The need for automated Bayesian Network (BN) construction from data has increased for a variety of reasons. Elicitation of networks from experts can be time consuming and expensive. With large, complex problems, construction of an accurate network, which ‘best’ describe the probability distribution of the training data can be difficult. The learning process is further complicated by missing or incomplete data, and mixed data. In light of these issues BN construction cannot rely on experts alone, rather experts can be used to enhance the network after the automated process. The closer technology comes to building models that reflect the real world the more their power as an inference tool will increase. This research is an empirical approach on determining how well a stochastic search discretizes continuous variables and learns structure. This study also has the added complexity of missing data. Our approach interleaves discretization with a stochastic search process to find a population of solutions for learning BNs. We compared our process to other methods that discretize as a preprocessing step.

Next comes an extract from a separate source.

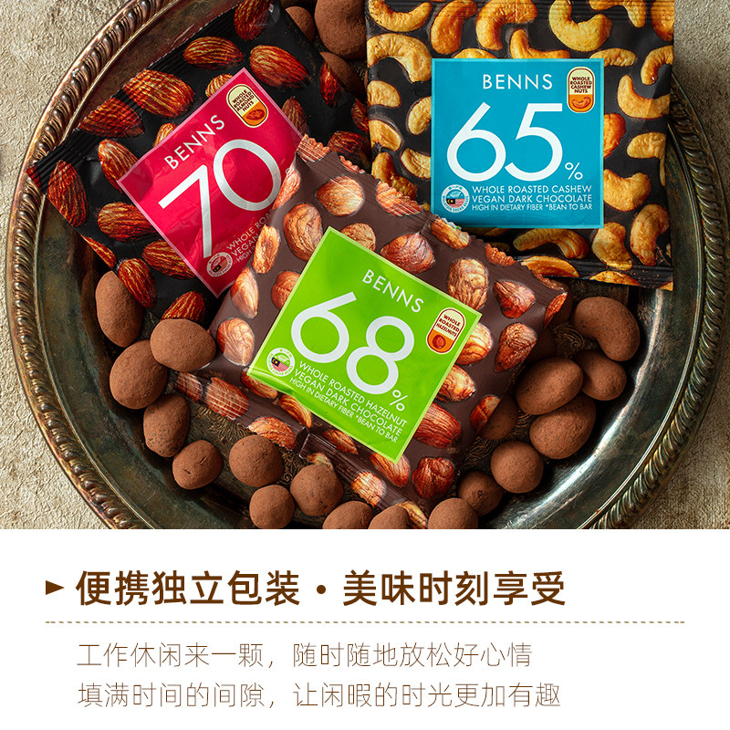 📚 【量贩】BENNS贝纳丝果仁坚果巧克力黑巧纯可可脂进口黑巧450g

Learning BN structure as well as the parameters increases in difficulty when the variables are continuous or mixed (both continuous and discrete). Real world datasets are not generally discrete and missing data is common. Continuous variables are often discretized in order to use one of the established and well-known learning algorithms. Therefore, to handle the continuous variable the two common approaches are to apply a discretization method or use one of the families of parametric distributions. The novel approach we developed is a dynamic process that interleaves partitioning of continuous variables with learning using a stochastic search method called PopMCMC. We applied our new methodology to data from the U.S. Army’s recent Base Realignment and Closure (BRAC) study from 1988 to 1995, which consists primarily of both continuous and discrete variables complicated by missing data. The desired outcome was to develop a method to model the BRAC data as a BN. A BN offered a natural way to represent the uncertainties associated with the data and would then permit us to make queries relevant to the BRAC decision making issues.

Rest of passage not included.